(Collection entries)
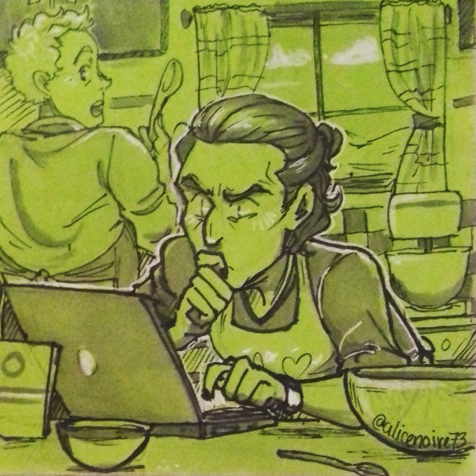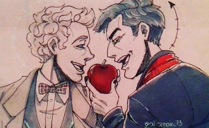 Day 25 - Tasty. Thanks to @GreaterTaco for giving me this idea. They are trying to make something. Whatever they are making will probably ended being perfect either way. #inktober #inktober2019 #inktoberday25 #goodomens #goodomensfanart #ineffablehusbands #Noire73
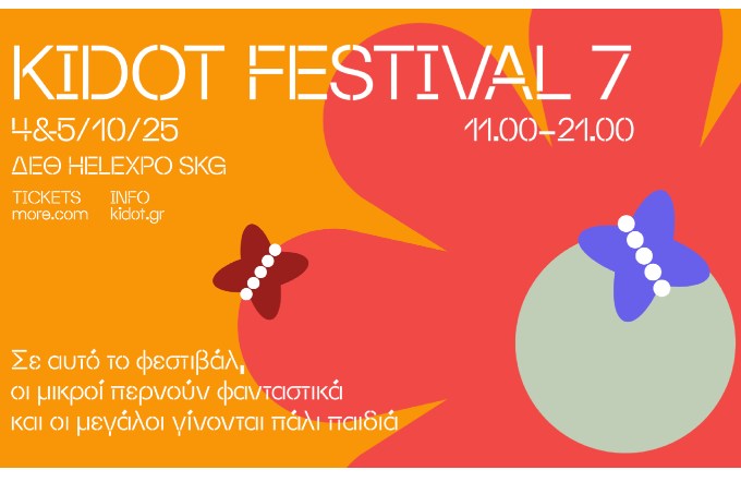 Μετά τη συναρπαστική περσινή διοργάνωση που ήταν πιο εξελιγμένη από ποτέ, το KIDOT Festival 7 έρχεται να αλλάξει τα δεδομένα στα family festivals με ένα πλούσιο πρόγραμμα βιωματικών δράσεων και ξέφρενης διασκέδασης για μικρούς και μεγάλους!
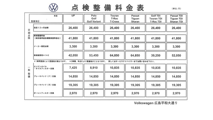 ※点検整備料金表の料金には消費税が含まれております。
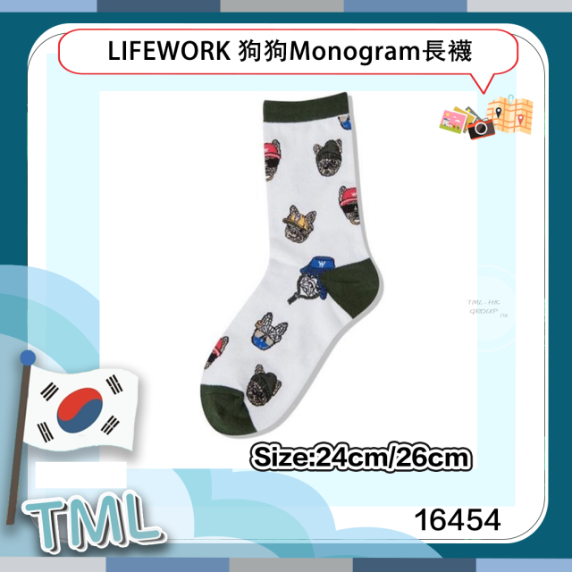 16454.【6/5 韓國連線🇰🇷】LIFEWORK 狗狗Monogram長襪(LW235SO132) ⚠️10/5 截單⚠️預計6月中前到貨
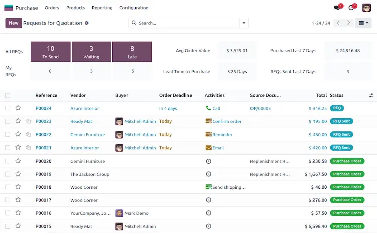 Streamline every RFQ and purchase order with automated reordering rules. Create custom rules and replenishment methods, and sync up your most important processes where it makes sense to do so — you have the power!
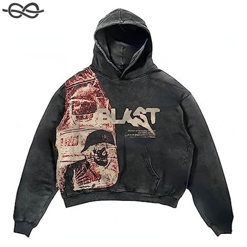 เสื้อมีฮู้ดผ้าฝ้าย100% Y 2K ดีไซเนอร์วินเทจเฮฟวี่เวทมีฮู้ดผ้าซีดจางออกแบบได้ตามต้องการ500มีกรด GSM
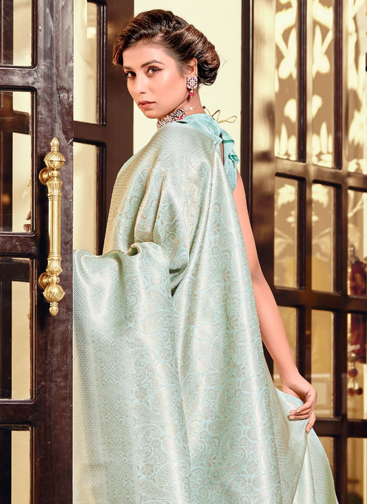 Classic Kanjivaram Silk Aqua Blue Weaving
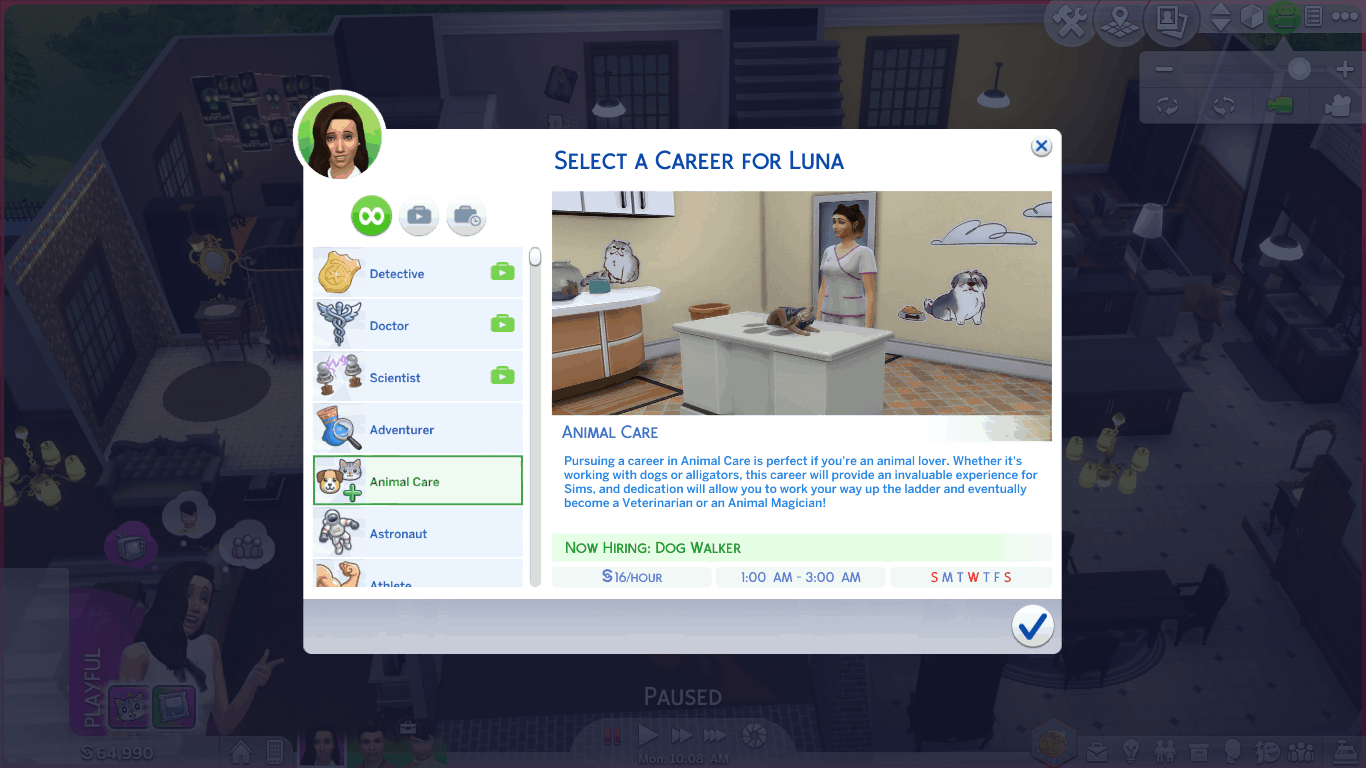 Pursuing a career in Animal Care is perfect if you’re an animal lover. Whether it’s working with dogs or alligators, this career will provide an invaluable experience for Sims, and dedication will allow you to work your way up the ladder and eventually become a Veterinarian or an Animal Magician!

_What is required_
Beginning with the line above that contains "16454.【6/5 韓國連線🇰🇷】LIFEWORK 狗狗Monogram長襪(LW235SO132)" and ending with the line that contains "Streamline every RFQ", quote each line exactly, keeping out the pictures.

_Answer below_
 16454.【6/5 韓國連線🇰🇷】LIFEWORK 狗狗Monogram長襪(LW235SO132) ⚠️10/5 截單⚠️預計6月中前到貨
 Streamline every RFQ and purchase order with automated reordering rules. Create custom rules and replenishment methods, and sync up your most important processes where it makes sense to do so — you have the power!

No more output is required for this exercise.